We specified the process on the public datasets in our paper (page9 - Public Data Usage).

For clarification, let me elaborate some more details:

OmniPose: the subdirectory names of this dataset are bacteria, worms, ... . We selected the subdirectories with name bacteria and worms.
CellPose: We excluded the obviously non-microscopy images (such as strawberry, jellyfish, stones....) in this datasets.
- (However, we checked that including those non-microscopy images is not harmful to the performance.)
All images are converted to gray scale.
- We converted to grayscale due to the Cellpose datasets using (R, G, Null), where all values in the 3rd dimension in the array are 0. We simple convert the values in the color channels as ((R+G/2), which makes the shapes (H, W, 3) to (H, W). grayscale_array = (original_array[:, :, 0] + original_array[:, :, 1]) / 2
LiveCell, DSBowl2018: We just changed the file extensions to prevent unexpected errors.

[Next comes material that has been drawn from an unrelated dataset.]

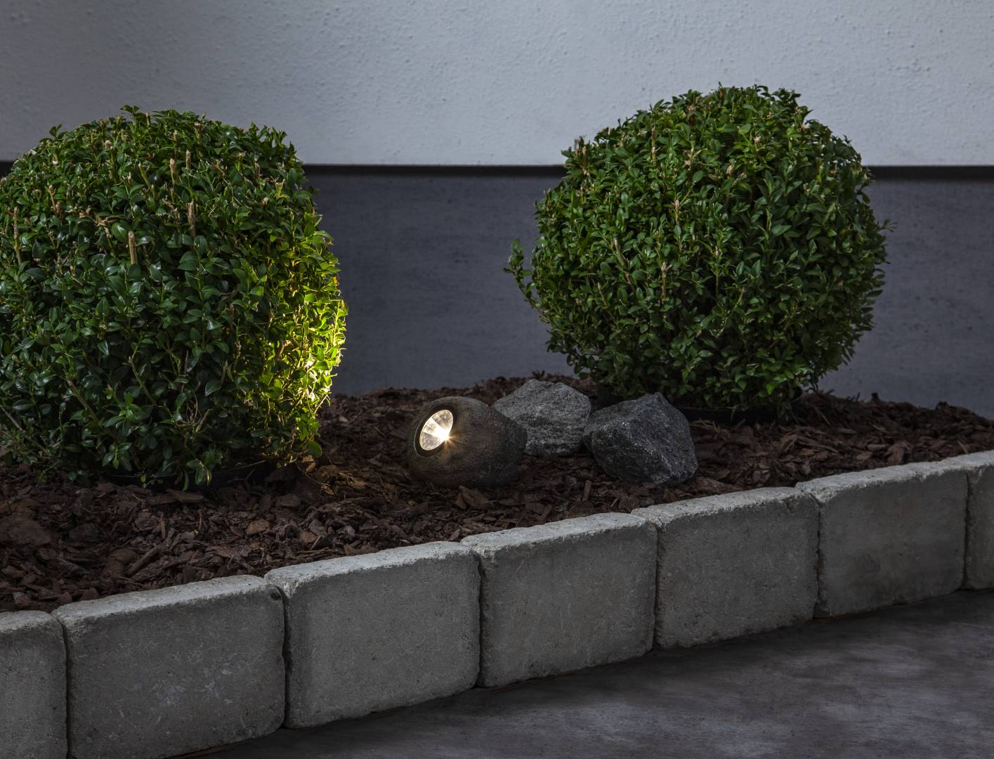 Aurinkokennolla toimiva kiven muotoinen koristevalo, jossa on lämpimän valkoinen valosävy. Aurinkokennovalo on helppo, käytännöllinen ja ympäristöystävällinen koriste puutarhaan. Aseta koriste esimerkiksi kukkapenkkiä valaisemaan. Valaisee 15 lumenin valoteholla.

We did not use specific processing code to process public data.

fazlicodes commented 1 year ago

Noted, thank you for your quick response!

fazlicodes commented 1 year ago

@Lee-Gihun how did you locate and exclude the non-microscopy images in the cellpose dataset?

Lee-Gihun commented 1 year ago

We manually removed few obvious images from the set (about 10~20 images).

To best my understanding, the original Cellpose paper, they regard the cell segmentation problem as finding the unit entities in the images. Though, they did not mentioned such details in their paper.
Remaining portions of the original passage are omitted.